• Exercise goal:
The result should be a full, exact repeat of the entries, free of pictures.

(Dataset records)
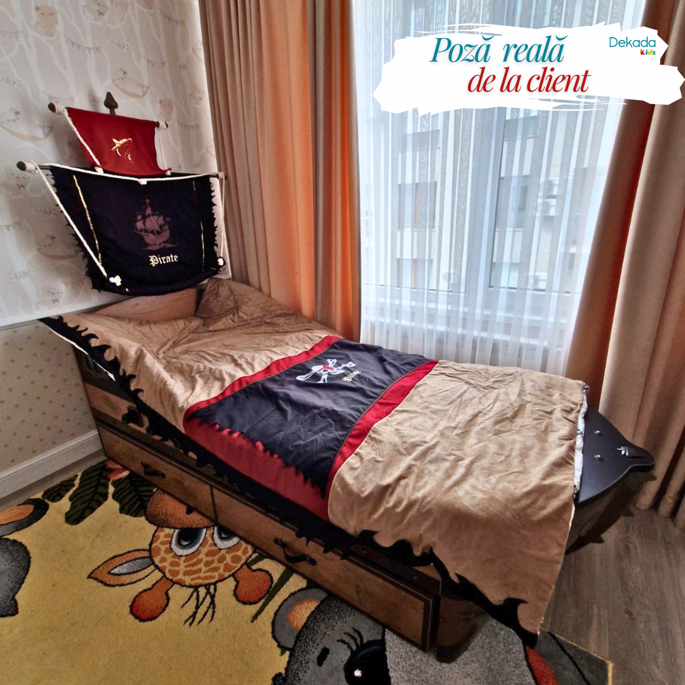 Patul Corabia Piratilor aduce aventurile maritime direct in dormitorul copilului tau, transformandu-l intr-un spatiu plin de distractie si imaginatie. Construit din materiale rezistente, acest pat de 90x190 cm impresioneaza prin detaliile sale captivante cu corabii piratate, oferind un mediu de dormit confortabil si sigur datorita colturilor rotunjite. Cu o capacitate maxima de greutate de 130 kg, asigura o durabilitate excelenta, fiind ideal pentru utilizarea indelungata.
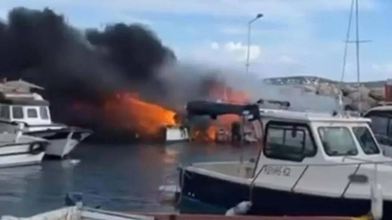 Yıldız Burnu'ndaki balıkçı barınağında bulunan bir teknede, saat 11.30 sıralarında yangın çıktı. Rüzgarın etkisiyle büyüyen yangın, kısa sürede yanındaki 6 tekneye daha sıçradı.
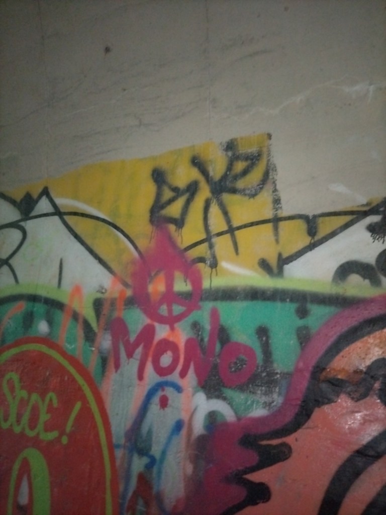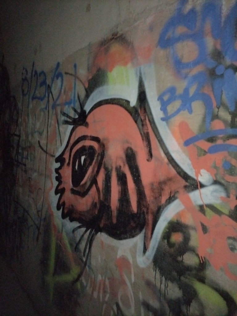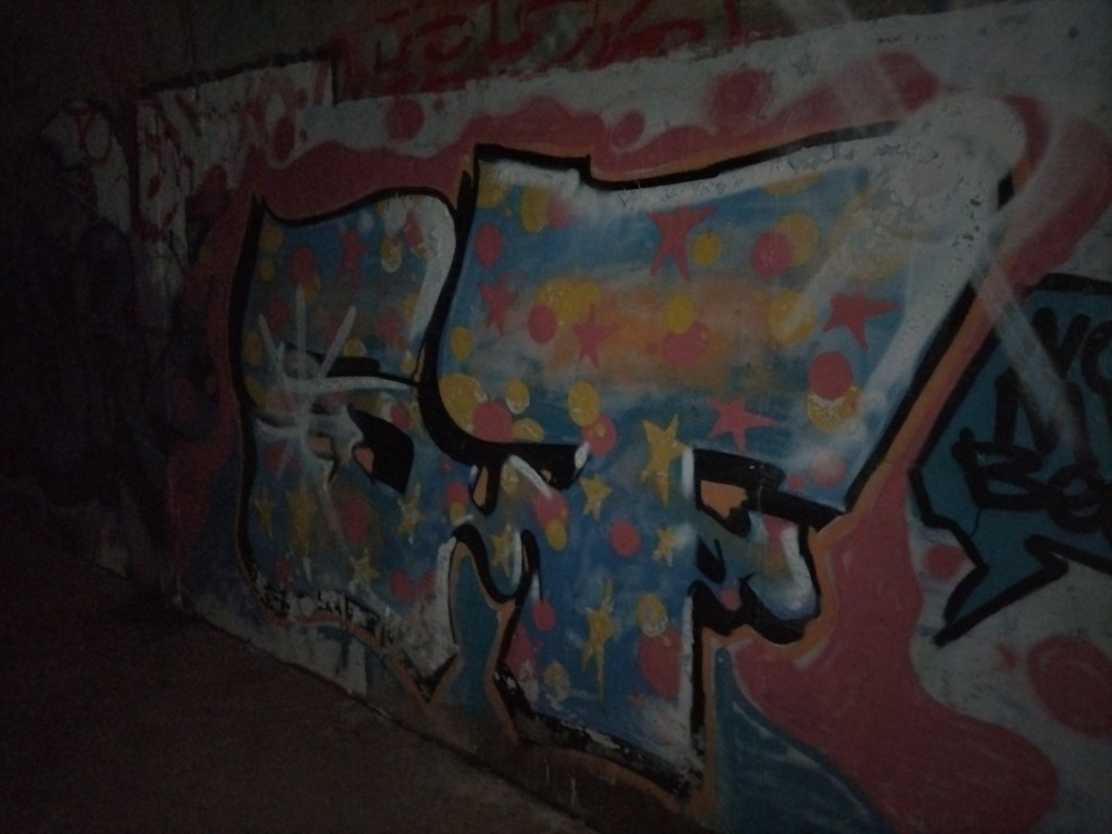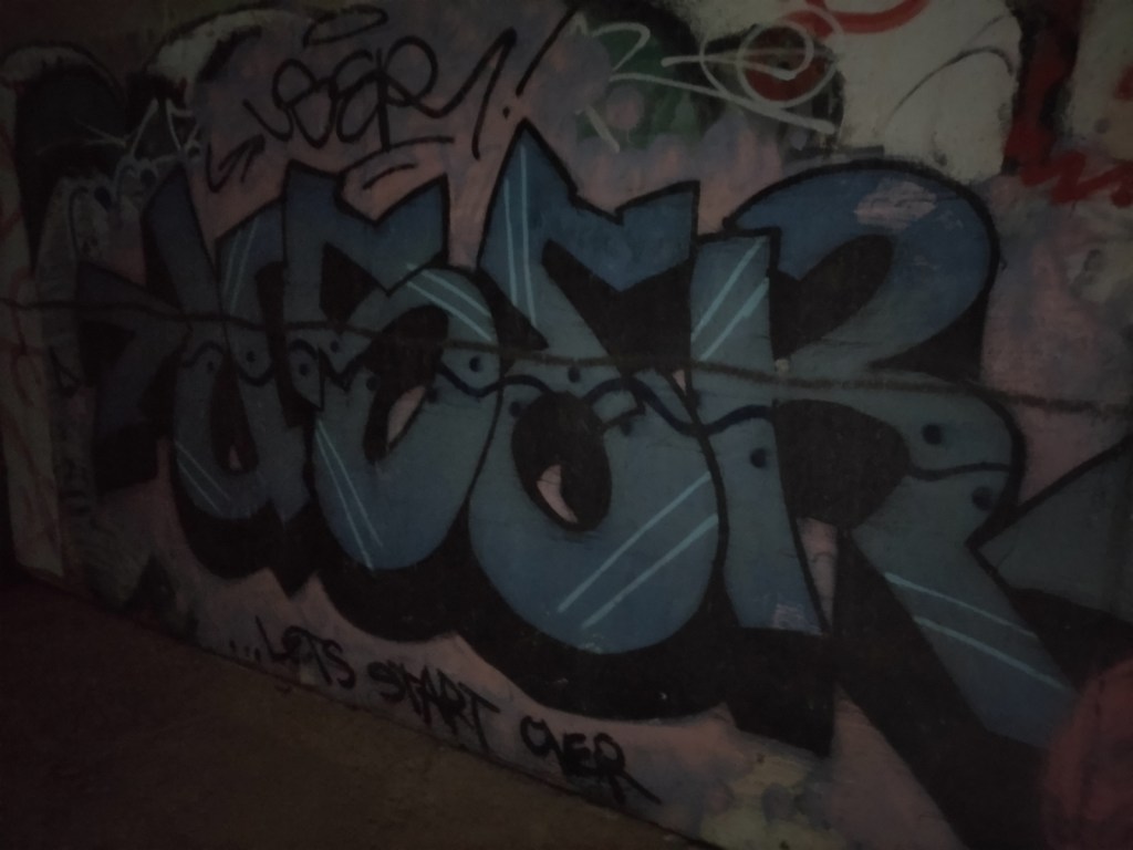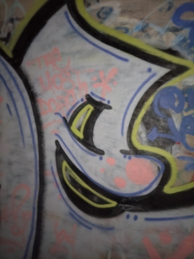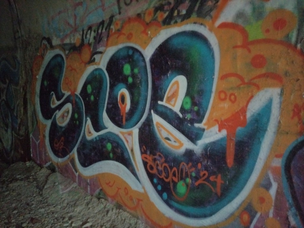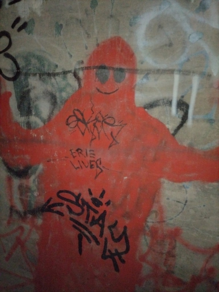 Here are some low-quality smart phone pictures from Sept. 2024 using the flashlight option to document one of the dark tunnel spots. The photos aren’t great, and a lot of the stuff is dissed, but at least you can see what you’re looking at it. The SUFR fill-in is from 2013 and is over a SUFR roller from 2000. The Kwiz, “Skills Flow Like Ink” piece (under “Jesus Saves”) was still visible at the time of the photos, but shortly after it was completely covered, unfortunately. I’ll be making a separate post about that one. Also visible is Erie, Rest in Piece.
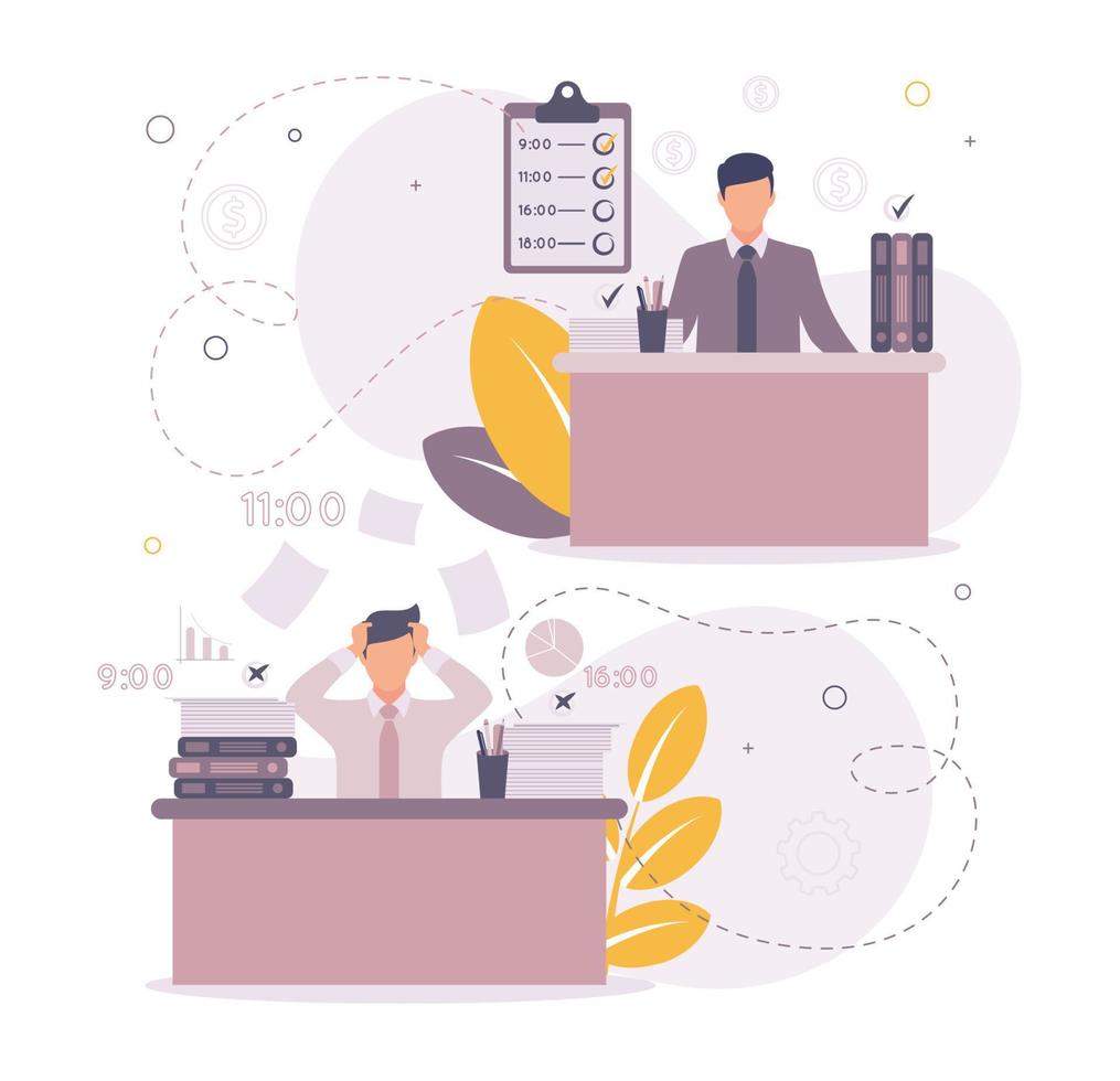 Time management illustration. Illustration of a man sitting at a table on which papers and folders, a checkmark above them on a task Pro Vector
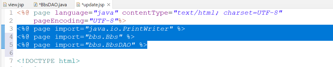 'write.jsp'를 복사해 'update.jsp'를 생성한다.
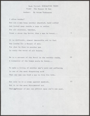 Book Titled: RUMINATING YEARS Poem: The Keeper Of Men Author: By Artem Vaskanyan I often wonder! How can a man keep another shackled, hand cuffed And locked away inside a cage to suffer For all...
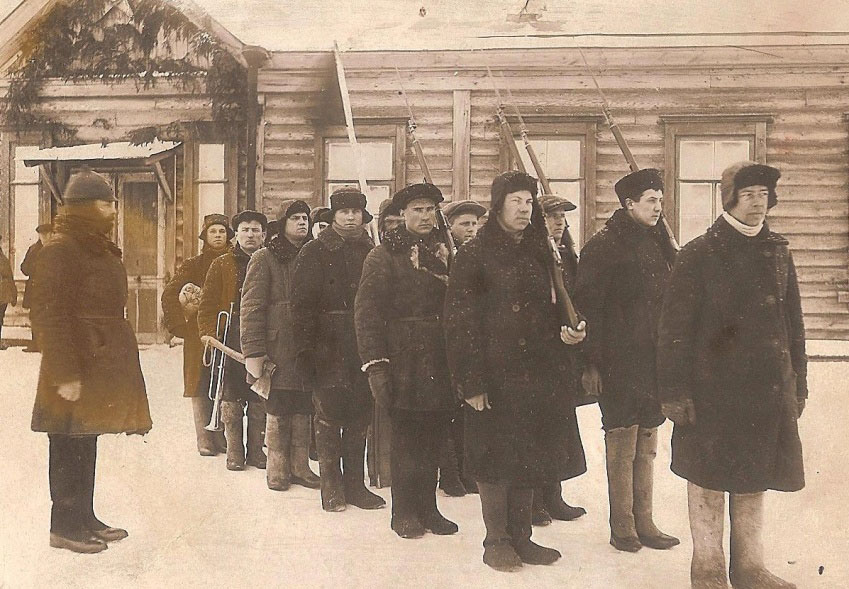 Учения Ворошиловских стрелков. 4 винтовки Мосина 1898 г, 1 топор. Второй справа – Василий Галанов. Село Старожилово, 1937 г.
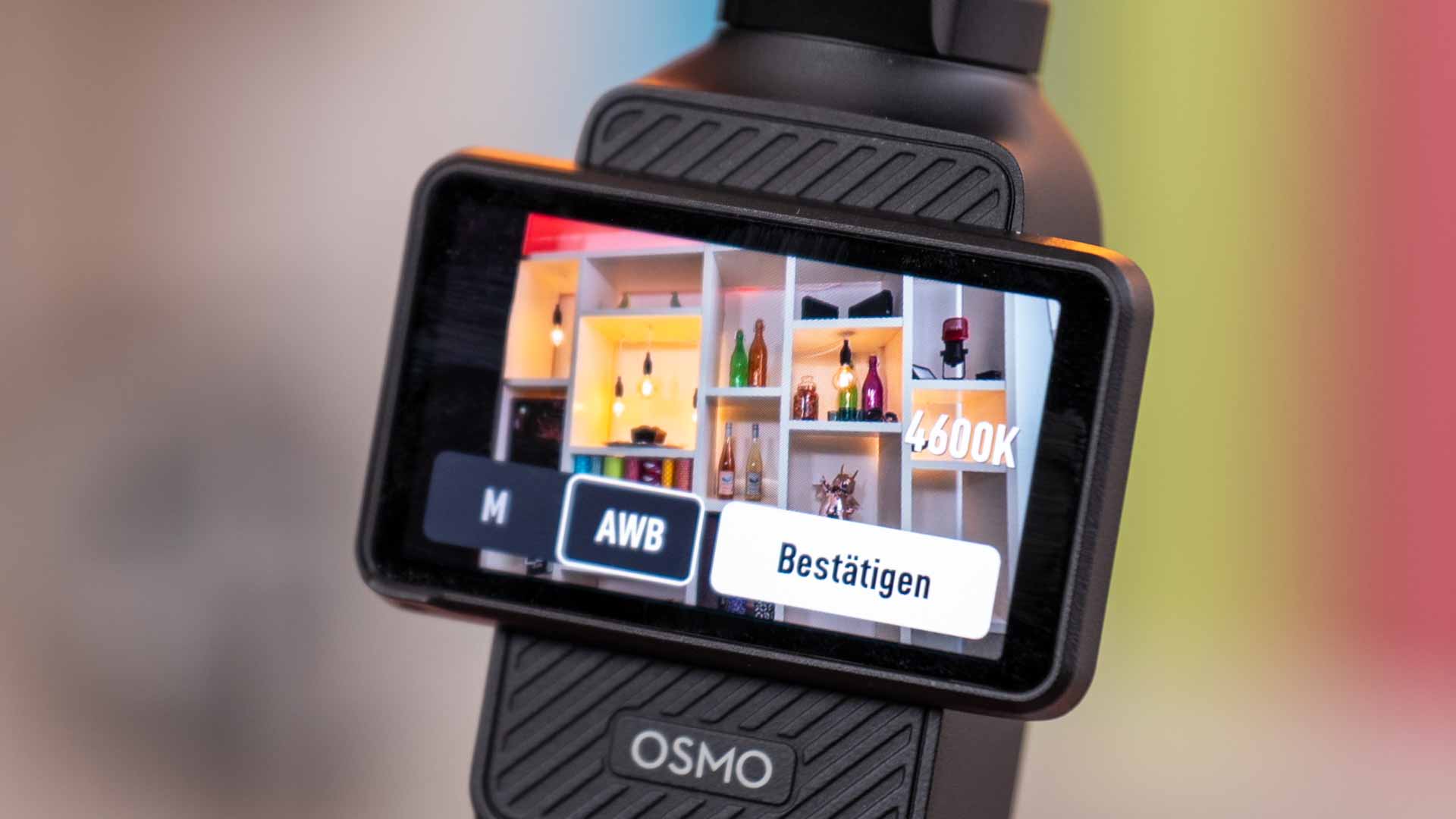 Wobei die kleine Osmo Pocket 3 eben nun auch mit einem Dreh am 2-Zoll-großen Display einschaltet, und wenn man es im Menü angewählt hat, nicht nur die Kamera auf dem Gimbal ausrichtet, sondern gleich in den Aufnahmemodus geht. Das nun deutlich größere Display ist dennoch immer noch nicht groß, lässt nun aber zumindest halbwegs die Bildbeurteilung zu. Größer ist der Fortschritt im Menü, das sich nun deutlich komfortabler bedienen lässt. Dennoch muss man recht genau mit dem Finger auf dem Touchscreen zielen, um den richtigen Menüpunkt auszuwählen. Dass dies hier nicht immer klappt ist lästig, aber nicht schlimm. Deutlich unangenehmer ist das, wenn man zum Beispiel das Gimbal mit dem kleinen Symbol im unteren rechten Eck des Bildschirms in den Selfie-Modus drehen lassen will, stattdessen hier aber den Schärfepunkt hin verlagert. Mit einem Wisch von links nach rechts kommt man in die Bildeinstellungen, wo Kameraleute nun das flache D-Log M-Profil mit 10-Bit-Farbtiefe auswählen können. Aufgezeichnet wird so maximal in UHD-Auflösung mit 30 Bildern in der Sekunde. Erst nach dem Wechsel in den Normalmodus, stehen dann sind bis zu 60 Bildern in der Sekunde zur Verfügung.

• Response to the exercise:
 Patul Corabia Piratilor aduce aventurile maritime direct in dormitorul copilului tau, transformandu-l intr-un spatiu plin de distractie si imaginatie. Construit din materiale rezistente, acest pat de 90x190 cm impresioneaza prin detaliile sale captivante cu corabii piratate, oferind un mediu de dormit confortabil si sigur datorita colturilor rotunjite. Cu o capacitate maxima de greutate de 130 kg, asigura o durabilitate excelenta, fiind ideal pentru utilizarea indelungata.
 Yıldız Burnu'ndaki balıkçı barınağında bulunan bir teknede, saat 11.30 sıralarında yangın çıktı. Rüzgarın etkisiyle büyüyen yangın, kısa sürede yanındaki 6 tekneye daha sıçradı.
 Here are some low-quality smart phone pictures from Sept. 2024 using the flashlight option to document one of the dark tunnel spots. The photos aren’t great, and a lot of the stuff is dissed, but at least you can see what you’re looking at it. The SUFR fill-in is from 2013 and is over a SUFR roller from 2000. The Kwiz, “Skills Flow Like Ink” piece (under “Jesus Saves”) was still visible at the time of the photos, but shortly after it was completely covered, unfortunately. I’ll be making a separate post about that one. Also visible is Erie, Rest in Piece.
 Time management illustration. Illustration of a man sitting at a table on which papers and folders, a checkmark above them on a task Pro Vector
 'write.jsp'를 복사해 'update.jsp'를 생성한다.
 Book Titled: RUMINATING YEARS Poem: The Keeper Of Men Author: By Artem Vaskanyan I often wonder! How can a man keep another shackled, hand cuffed And locked away inside a cage to suffer For all...
 Учения Ворошиловских стрелков. 4 винтовки Мосина 1898 г, 1 топор. Второй справа – Василий Галанов. Село Старожилово, 1937 г.
 Wobei die kleine Osmo Pocket 3 eben nun auch mit einem Dreh am 2-Zoll-großen Display einschaltet, und wenn man es im Menü angewählt hat, nicht nur die Kamera auf dem Gimbal ausrichtet, sondern gleich in den Aufnahmemodus geht. Das nun deutlich größere Display ist dennoch immer noch nicht groß, lässt nun aber zumindest halbwegs die Bildbeurteilung zu. Größer ist der Fortschritt im Menü, das sich nun deutlich komfortabler bedienen lässt. Dennoch muss man recht genau mit dem Finger auf dem Touchscreen zielen, um den richtigen Menüpunkt auszuwählen. Dass dies hier nicht immer klappt ist lästig, aber nicht schlimm. Deutlich unangenehmer ist das, wenn man zum Beispiel das Gimbal mit dem kleinen Symbol im unteren rechten Eck des Bildschirms in den Selfie-Modus drehen lassen will, stattdessen hier aber den Schärfepunkt hin verlagert. Mit einem Wisch von links nach rechts kommt man in die Bildeinstellungen, wo Kameraleute nun das flache D-Log M-Profil mit 10-Bit-Farbtiefe auswählen können. Aufgezeichnet wird so maximal in UHD-Auflösung mit 30 Bildern in der Sekunde. Erst nach dem Wechsel in den Normalmodus, stehen dann sind bis zu 60 Bildern in der Sekunde zur Verfügung.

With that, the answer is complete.